Assignment - Every line of the listing below from the one with "孩子们观看陕西科技馆专业团队带来的科学互动剧《疯狂实验室》。" up to and including the one with "In the Dashboard, go" should be retyped exactly, and nothing else; pictures are not part of the copy.

Provided material -
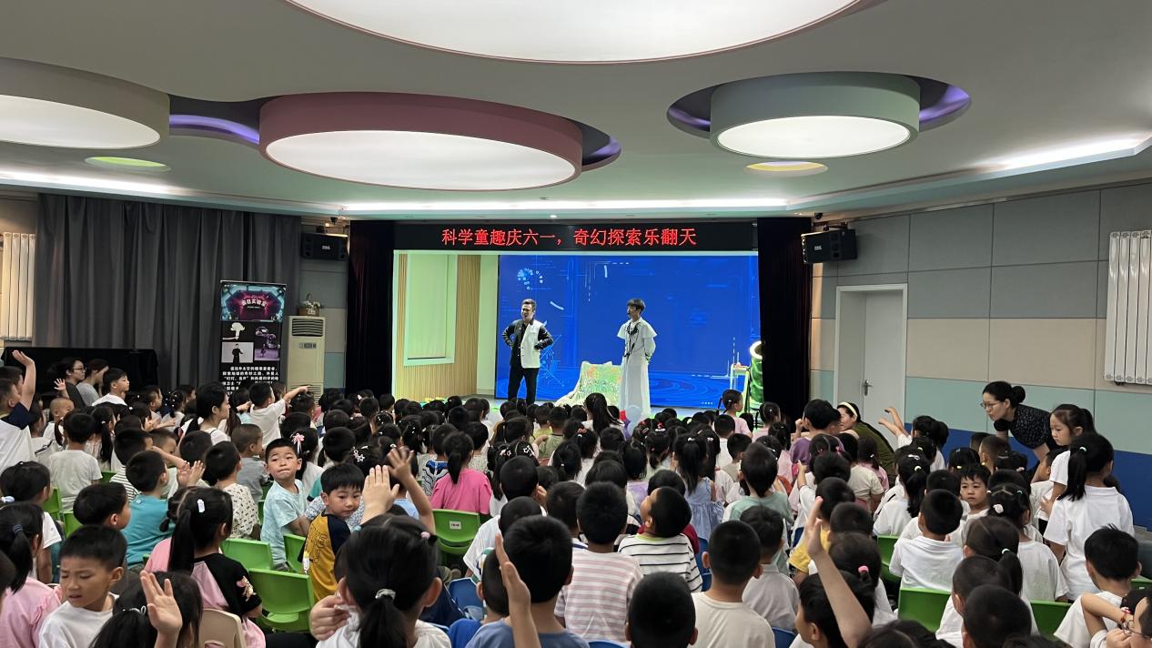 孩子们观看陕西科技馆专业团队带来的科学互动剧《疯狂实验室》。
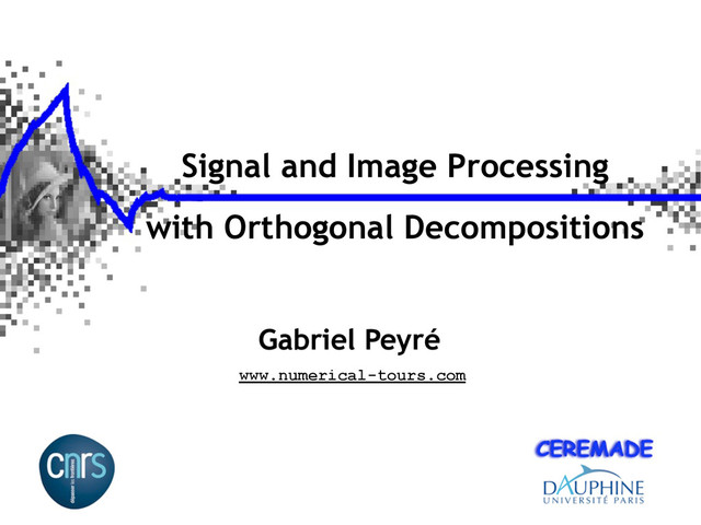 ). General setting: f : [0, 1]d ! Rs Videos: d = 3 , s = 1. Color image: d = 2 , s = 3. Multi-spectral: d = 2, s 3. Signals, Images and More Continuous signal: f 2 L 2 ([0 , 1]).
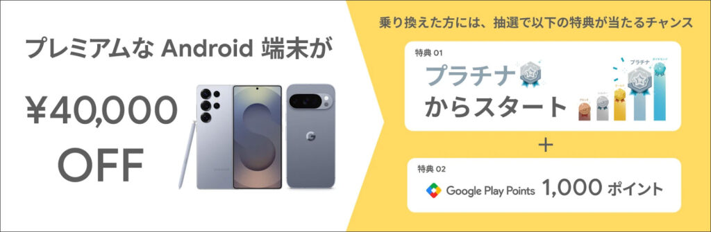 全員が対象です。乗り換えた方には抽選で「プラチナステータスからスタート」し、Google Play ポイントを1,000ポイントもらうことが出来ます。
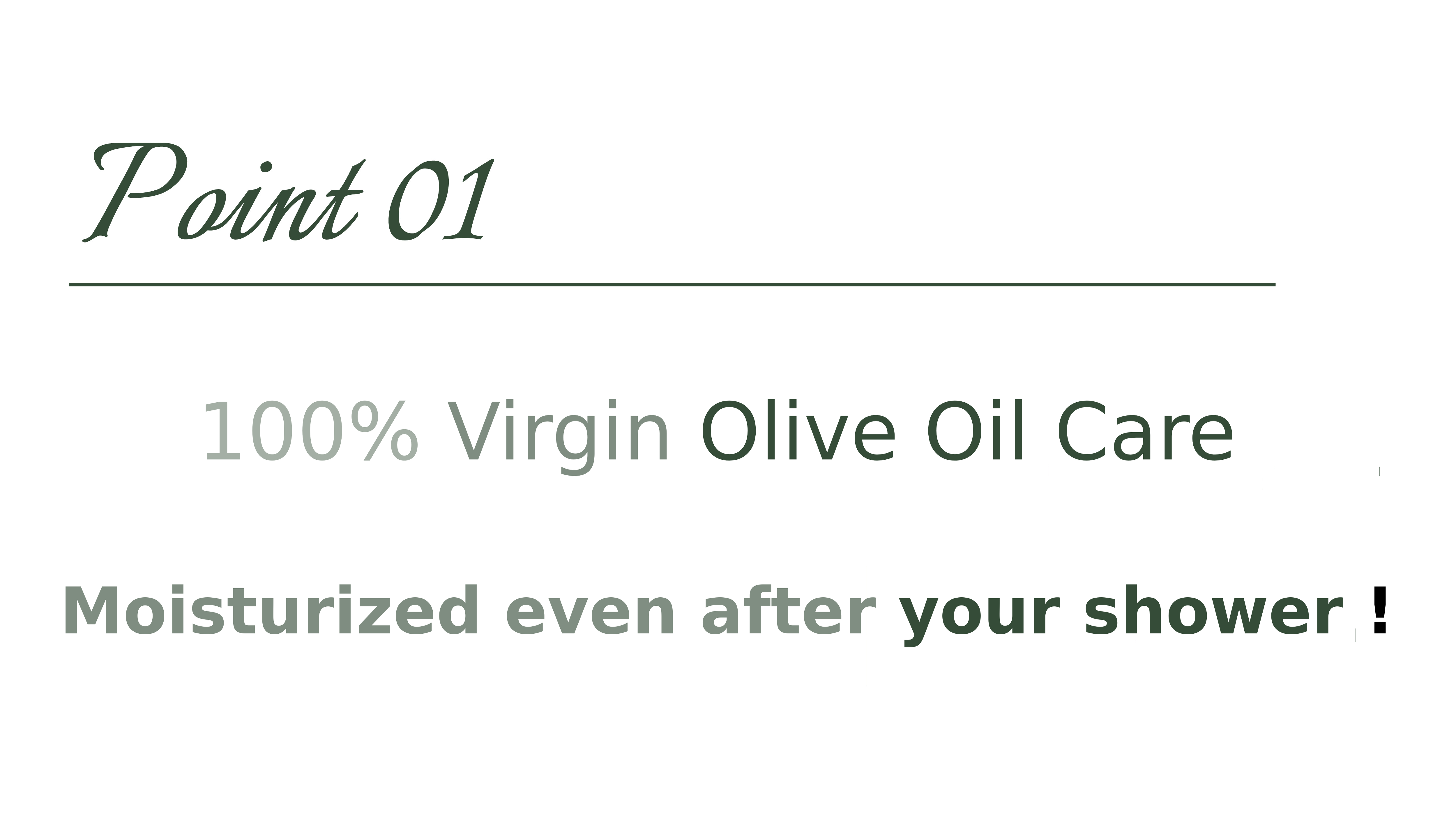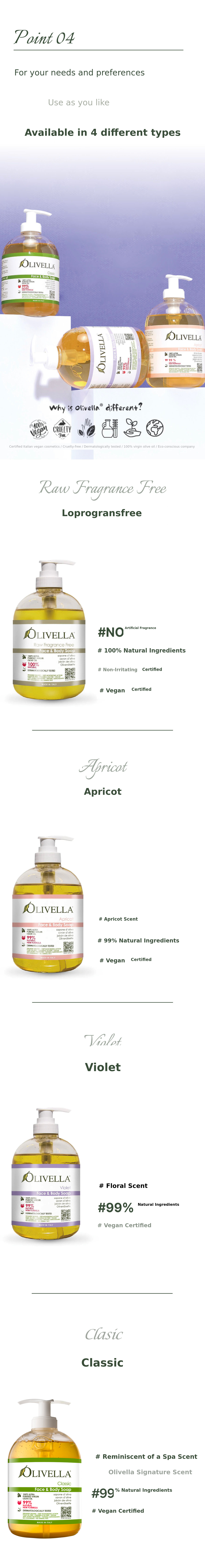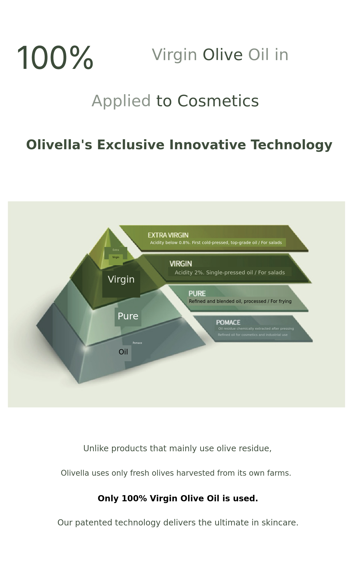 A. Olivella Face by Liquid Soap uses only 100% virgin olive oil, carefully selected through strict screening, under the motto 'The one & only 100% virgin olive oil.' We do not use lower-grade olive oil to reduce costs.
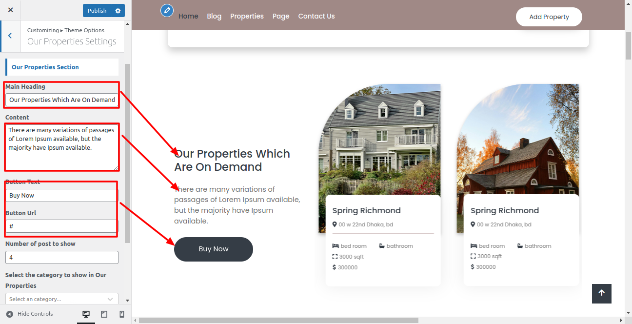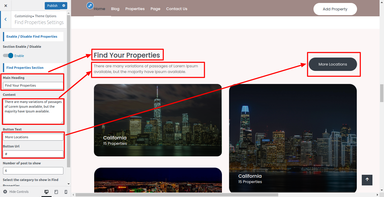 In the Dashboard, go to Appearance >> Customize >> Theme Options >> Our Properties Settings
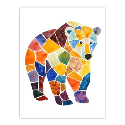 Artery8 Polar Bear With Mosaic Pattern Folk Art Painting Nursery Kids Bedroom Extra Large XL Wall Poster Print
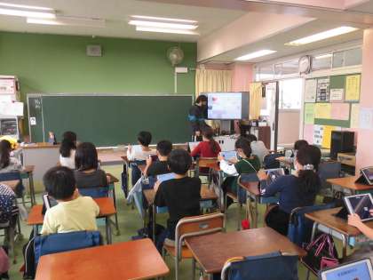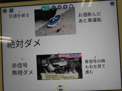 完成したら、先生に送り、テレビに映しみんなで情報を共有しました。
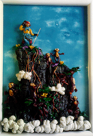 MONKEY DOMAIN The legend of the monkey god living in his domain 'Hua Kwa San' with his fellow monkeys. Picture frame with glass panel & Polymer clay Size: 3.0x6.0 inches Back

---

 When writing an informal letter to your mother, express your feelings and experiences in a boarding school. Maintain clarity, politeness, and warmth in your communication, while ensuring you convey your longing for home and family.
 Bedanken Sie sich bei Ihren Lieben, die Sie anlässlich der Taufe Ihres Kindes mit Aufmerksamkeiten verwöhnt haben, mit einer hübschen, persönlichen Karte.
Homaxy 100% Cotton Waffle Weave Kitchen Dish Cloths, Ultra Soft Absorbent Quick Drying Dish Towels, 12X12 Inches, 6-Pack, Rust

==

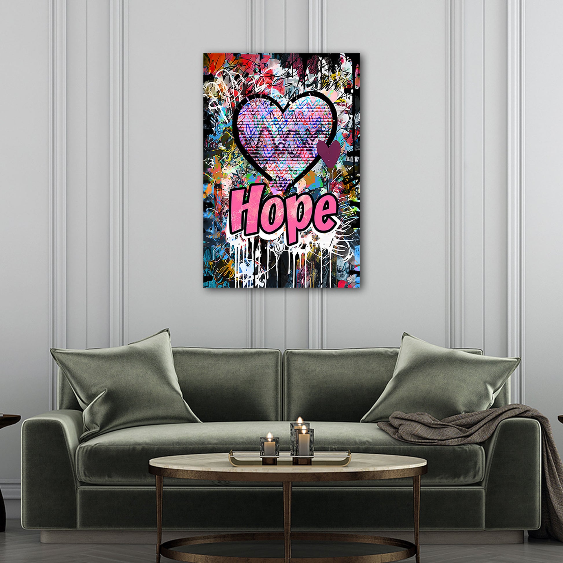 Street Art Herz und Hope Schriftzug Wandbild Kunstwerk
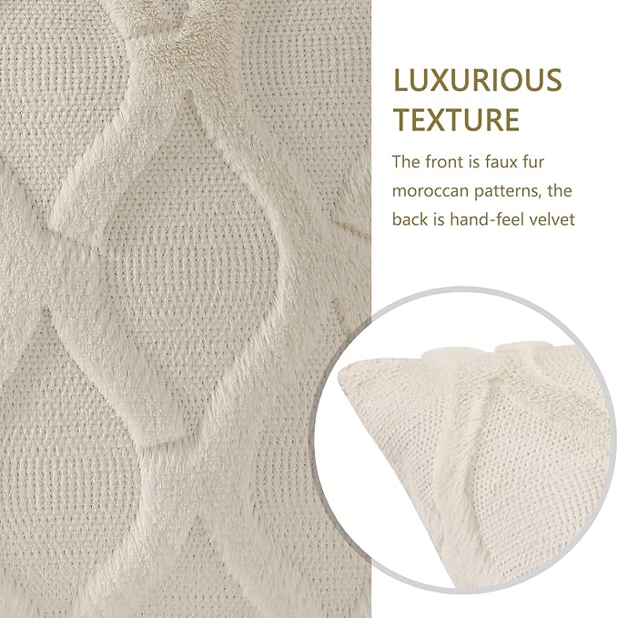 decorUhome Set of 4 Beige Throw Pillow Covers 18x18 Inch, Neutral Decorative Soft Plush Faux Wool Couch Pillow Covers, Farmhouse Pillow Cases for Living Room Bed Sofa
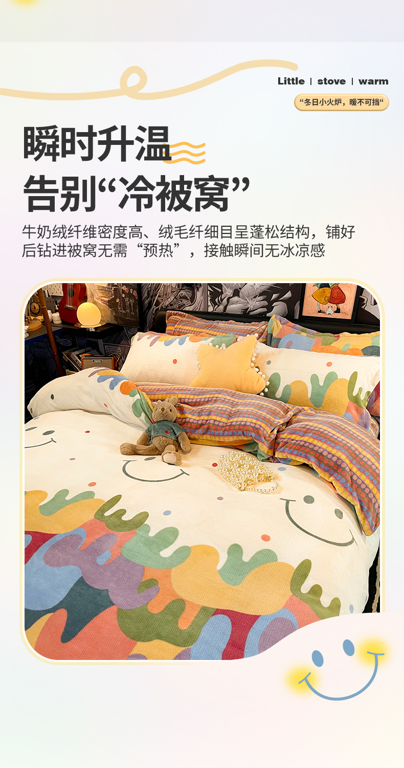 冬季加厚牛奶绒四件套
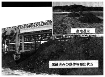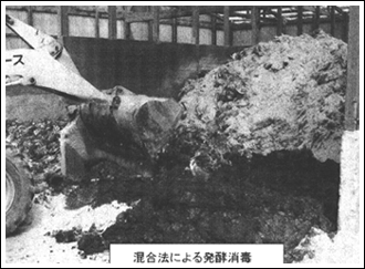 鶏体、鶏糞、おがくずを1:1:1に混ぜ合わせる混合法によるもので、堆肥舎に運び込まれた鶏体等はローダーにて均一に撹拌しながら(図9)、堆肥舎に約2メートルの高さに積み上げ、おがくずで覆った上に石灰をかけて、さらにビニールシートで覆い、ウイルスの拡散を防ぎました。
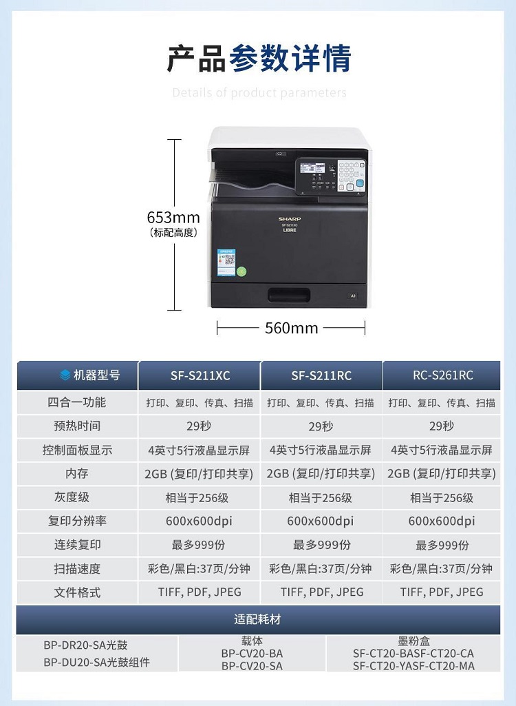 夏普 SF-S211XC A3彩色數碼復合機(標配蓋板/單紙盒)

Task result -
 孩子们观看陕西科技馆专业团队带来的科学互动剧《疯狂实验室》。
 ). General setting: f : [0, 1]d ! Rs Videos: d = 3 , s = 1. Color image: d = 2 , s = 3. Multi-spectral: d = 2, s 3. Signals, Images and More Continuous signal: f 2 L 2 ([0 , 1]).
 全員が対象です。乗り換えた方には抽選で「プラチナステータスからスタート」し、Google Play ポイントを1,000ポイントもらうことが出来ます。
 A. Olivella Face by Liquid Soap uses only 100% virgin olive oil, carefully selected through strict screening, under the motto 'The one & only 100% virgin olive oil.' We do not use lower-grade olive oil to reduce costs.
 In the Dashboard, go to Appearance >> Customize >> Theme Options >> Our Properties Settings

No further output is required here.